How many draws until all paired tea bags are gone from the jar?

[RWood]

I suspect this is not really an "advanced" probability question, but I'm not sure - haven't been near this stuff for decades.

The definition: I have a jar with 2*N tea bags in it (N>0 obviously). The beginning condition is that the teabags are joined in pairs - so there are N pairs. At each selection I select an item at random - initially that will be a pair of bags, in which case I tear one off and put the other back. On later turns I randomly select either a single bag, which would then be used, or a pair of joined bags (if there are any left), in which case I tear one off and proceed as above. What is the probability distribution - and hence the expectation - for D, the number of "drawings" required before there are no paired bags left in the jar?

It is clear that the values for D can range from N (by happening to always select paired bags) to 2*N-1.

I can see some ways of getting recursion equations, but I suspect that this problem has a simple answer resulting from a more general formulation. Any quick answers? Thanks.

 

[CaptainBlack]

I suspect this is not really an "advanced" probability question, but I'm not sure - haven't been near this stuff for decades.

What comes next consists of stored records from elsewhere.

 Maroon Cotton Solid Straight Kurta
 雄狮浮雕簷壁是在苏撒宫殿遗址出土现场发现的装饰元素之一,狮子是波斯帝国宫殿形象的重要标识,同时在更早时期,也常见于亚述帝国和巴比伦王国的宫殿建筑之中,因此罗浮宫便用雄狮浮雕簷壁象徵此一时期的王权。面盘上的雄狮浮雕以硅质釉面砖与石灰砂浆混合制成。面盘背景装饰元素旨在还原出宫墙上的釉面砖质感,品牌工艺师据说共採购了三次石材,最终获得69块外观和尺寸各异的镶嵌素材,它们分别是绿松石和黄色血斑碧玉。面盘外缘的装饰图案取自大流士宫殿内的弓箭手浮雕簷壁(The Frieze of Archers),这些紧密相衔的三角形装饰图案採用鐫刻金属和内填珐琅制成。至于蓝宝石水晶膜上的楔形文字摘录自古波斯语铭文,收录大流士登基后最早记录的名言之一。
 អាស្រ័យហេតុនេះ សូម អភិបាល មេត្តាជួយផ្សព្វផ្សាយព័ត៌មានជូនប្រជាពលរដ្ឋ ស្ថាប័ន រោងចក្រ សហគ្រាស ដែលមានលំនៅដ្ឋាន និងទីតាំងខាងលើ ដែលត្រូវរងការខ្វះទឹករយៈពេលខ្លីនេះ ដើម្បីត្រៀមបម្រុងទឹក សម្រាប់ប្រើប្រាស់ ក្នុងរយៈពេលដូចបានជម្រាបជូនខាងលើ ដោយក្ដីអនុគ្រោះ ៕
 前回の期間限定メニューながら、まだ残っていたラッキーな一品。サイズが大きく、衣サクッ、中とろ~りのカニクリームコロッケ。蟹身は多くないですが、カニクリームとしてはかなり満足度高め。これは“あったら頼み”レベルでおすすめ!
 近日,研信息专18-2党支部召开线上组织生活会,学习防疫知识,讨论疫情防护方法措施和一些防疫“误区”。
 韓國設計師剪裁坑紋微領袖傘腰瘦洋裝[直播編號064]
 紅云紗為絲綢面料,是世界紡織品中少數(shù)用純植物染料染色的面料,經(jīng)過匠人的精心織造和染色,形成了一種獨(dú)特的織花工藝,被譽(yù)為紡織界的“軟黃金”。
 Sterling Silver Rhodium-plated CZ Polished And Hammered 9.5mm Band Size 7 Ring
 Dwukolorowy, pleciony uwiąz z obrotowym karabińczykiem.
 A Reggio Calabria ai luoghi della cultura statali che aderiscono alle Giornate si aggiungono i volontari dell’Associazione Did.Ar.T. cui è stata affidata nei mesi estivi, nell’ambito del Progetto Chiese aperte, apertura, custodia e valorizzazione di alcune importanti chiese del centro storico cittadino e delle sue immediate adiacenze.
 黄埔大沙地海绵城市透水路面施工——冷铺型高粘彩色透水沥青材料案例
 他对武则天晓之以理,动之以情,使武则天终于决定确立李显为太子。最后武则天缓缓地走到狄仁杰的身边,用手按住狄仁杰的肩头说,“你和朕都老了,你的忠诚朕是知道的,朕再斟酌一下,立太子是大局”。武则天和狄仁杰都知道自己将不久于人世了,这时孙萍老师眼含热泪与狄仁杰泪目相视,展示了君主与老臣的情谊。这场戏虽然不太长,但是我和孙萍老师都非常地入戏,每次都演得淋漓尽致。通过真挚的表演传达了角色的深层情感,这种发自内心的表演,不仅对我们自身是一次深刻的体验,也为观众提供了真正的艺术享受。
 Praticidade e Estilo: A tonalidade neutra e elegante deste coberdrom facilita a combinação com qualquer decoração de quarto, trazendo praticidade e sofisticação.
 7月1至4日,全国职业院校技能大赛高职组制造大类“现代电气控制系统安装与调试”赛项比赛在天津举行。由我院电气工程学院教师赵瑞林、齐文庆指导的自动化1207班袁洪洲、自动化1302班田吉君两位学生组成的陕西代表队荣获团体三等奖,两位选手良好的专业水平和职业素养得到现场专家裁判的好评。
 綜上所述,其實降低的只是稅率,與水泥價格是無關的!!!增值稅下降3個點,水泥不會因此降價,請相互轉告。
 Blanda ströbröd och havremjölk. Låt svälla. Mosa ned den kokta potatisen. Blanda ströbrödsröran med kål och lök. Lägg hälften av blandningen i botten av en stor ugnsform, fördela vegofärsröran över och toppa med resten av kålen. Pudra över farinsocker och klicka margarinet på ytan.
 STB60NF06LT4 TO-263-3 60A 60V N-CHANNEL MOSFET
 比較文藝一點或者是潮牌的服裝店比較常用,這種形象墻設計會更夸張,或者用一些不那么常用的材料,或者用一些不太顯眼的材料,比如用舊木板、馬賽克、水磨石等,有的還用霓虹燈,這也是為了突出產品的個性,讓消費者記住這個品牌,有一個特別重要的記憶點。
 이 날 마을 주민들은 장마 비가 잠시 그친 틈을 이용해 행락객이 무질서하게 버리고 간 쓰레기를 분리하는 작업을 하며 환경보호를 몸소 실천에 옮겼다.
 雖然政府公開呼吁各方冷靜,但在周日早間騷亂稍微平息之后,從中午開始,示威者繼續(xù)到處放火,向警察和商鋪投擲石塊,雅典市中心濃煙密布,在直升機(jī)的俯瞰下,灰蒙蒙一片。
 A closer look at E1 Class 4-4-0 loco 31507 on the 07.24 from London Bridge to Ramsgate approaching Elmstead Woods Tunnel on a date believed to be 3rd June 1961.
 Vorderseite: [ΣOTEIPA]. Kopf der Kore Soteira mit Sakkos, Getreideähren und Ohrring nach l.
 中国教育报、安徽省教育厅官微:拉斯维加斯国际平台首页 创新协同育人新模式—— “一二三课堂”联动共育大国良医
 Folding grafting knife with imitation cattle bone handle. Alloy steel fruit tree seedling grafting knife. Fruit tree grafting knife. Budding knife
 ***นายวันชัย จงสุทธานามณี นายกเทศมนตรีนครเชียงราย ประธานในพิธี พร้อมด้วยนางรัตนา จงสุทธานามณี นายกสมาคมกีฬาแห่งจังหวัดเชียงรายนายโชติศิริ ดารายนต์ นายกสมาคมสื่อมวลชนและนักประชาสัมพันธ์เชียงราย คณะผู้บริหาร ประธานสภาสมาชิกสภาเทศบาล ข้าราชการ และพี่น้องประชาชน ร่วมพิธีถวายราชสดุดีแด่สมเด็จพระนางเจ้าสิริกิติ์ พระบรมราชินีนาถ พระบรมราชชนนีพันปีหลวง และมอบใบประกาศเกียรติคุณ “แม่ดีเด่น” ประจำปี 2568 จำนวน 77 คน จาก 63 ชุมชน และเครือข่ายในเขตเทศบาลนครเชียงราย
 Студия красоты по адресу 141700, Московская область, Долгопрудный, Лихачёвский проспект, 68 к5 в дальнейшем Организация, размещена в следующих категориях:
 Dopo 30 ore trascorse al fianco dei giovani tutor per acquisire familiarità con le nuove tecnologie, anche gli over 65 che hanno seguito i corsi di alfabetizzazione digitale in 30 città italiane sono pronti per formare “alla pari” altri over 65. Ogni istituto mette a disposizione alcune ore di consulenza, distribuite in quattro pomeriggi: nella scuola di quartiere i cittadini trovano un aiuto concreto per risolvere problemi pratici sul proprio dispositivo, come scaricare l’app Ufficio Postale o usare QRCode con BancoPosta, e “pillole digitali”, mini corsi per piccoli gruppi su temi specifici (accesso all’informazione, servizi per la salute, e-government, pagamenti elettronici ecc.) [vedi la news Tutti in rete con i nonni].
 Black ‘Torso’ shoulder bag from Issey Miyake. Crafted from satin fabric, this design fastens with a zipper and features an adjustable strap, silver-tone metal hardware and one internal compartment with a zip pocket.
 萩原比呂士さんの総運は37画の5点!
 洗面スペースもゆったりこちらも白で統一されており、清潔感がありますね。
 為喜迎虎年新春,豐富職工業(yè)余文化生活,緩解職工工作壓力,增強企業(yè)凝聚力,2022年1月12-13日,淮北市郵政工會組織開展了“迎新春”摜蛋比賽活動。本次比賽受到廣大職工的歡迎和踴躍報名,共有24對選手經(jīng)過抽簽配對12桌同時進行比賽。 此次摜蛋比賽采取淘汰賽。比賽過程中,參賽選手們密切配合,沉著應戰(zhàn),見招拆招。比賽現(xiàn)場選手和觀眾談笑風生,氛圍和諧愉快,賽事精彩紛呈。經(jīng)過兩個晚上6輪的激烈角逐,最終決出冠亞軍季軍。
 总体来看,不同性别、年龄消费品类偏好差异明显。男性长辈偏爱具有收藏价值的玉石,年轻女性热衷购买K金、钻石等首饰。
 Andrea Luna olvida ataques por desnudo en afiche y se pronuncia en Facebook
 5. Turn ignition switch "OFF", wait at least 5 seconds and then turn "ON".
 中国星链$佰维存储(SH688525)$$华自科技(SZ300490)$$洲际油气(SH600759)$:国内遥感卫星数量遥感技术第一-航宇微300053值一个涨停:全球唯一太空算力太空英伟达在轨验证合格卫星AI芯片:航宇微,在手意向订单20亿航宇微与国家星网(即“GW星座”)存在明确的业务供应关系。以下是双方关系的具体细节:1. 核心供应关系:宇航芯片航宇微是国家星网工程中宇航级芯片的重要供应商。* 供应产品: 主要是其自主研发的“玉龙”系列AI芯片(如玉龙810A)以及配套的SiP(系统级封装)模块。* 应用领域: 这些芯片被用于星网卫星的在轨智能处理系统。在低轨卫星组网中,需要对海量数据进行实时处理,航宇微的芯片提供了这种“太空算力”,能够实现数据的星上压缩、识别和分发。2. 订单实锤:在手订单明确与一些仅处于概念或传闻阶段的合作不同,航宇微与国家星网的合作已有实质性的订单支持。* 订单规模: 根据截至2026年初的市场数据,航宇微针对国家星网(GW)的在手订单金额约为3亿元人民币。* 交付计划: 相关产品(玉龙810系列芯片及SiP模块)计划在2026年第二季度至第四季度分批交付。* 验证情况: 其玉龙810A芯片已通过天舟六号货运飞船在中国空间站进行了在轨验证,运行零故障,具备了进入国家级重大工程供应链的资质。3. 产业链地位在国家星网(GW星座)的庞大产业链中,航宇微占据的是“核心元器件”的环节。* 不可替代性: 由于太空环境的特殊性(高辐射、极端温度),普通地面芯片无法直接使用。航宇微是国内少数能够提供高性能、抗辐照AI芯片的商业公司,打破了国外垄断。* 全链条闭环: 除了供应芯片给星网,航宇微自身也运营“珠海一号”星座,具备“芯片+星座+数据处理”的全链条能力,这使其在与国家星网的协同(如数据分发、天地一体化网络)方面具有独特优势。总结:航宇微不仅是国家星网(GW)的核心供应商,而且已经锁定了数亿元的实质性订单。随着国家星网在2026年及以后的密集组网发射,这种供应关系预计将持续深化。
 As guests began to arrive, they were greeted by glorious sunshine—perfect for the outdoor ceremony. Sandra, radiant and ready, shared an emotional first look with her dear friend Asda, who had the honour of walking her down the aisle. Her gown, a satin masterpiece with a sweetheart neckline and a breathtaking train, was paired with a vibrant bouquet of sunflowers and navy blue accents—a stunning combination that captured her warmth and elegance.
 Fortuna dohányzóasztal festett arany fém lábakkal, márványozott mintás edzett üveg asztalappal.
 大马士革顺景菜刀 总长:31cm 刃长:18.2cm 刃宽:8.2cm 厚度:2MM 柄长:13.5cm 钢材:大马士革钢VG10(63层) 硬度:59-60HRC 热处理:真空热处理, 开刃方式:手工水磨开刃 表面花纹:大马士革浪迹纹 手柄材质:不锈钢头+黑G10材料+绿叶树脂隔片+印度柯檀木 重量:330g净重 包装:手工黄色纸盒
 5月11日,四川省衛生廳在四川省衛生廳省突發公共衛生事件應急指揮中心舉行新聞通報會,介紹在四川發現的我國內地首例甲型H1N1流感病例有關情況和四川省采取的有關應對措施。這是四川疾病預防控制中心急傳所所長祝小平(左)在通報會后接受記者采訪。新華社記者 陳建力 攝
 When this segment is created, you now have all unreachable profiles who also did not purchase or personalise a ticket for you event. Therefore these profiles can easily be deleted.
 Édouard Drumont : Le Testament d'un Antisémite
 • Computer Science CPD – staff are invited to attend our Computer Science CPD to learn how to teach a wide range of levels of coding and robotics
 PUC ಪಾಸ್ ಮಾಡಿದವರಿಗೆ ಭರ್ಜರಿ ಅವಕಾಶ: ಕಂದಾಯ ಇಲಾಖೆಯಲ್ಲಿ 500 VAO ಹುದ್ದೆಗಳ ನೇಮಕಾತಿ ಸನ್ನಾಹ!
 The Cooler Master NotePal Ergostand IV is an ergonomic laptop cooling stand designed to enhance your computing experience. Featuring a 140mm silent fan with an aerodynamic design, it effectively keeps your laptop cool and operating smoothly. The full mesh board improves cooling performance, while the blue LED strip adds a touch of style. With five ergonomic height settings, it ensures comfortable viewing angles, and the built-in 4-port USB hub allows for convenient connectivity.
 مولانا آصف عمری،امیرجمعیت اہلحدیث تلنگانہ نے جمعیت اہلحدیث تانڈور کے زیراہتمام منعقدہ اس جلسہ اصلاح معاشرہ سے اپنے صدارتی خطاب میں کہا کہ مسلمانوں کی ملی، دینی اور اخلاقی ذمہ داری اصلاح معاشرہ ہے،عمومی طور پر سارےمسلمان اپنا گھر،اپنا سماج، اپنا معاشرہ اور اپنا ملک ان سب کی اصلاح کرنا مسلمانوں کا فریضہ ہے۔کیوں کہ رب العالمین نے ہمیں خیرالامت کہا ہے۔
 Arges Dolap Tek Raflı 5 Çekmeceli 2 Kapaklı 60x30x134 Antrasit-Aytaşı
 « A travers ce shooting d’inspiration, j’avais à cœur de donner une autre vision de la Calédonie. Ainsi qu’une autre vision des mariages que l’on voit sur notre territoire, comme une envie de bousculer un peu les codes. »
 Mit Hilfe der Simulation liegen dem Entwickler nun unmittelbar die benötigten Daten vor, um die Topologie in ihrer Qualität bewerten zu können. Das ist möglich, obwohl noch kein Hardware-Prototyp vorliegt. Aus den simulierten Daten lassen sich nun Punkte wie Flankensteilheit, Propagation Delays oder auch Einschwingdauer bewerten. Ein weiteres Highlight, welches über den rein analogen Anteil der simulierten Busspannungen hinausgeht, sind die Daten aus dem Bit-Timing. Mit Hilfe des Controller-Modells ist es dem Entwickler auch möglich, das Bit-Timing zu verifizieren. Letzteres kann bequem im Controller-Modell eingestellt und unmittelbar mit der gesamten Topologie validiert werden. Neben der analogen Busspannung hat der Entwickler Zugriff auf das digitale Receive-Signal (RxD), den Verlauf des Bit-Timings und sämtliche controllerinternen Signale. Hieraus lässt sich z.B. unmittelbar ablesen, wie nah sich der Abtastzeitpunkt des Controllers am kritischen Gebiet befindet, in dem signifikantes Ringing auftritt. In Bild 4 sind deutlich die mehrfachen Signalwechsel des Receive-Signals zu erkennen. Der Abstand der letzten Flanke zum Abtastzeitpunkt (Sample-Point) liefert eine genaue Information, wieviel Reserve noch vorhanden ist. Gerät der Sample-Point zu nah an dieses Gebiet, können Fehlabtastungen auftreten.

The definition: I have a jar with 2*N tea bags in it (N>0 obviously). The beginning condition is that the teabags are joined in pairs - so there are N pairs. At each selection I select an item at random - initially that will be a pair of bags, in which case I tear one off and put the other back. On later turns I randomly select either a single bag, which would then be used, or a pair of joined bags (if there are any left), in which case I tear one off and proceed as above. What is the probability distribution - and hence the expectation - for D, the number of "drawings" required before there are no paired bags left in the jar?

It is clear that the values for D can range from N (by happening to always select paired bags) to 2*N-1.

I can see some ways of getting recursion equations, but I suspect that this problem has a simple answer resulting from a more general formulation. Any quick answers? Thanks.

I can't give you any help with this at present, I will have to think about it. However I can say I have seen this problem somewhere before, and vaguely recall it being connected with Herman Bondi (I suspect there was a note either in Mathematics Today or the Mathematical Gazette about it, but that is no help since my filling system makes it impossible to find even if I knew which and which year..).

CB

 

[RWood]

I can't give you any help with this at present, I will have to think about it. However I can say I have seen this problem somewhere before, and vaguely recall it being connected with Herman Bondi (I suspect there was a note either in Mathematics Today or the Mathematical Gazette about it, but that is no help since my filling system makes it impossible to find even if I knew which and which year..).

CB

Thank you for the update, will see what develops.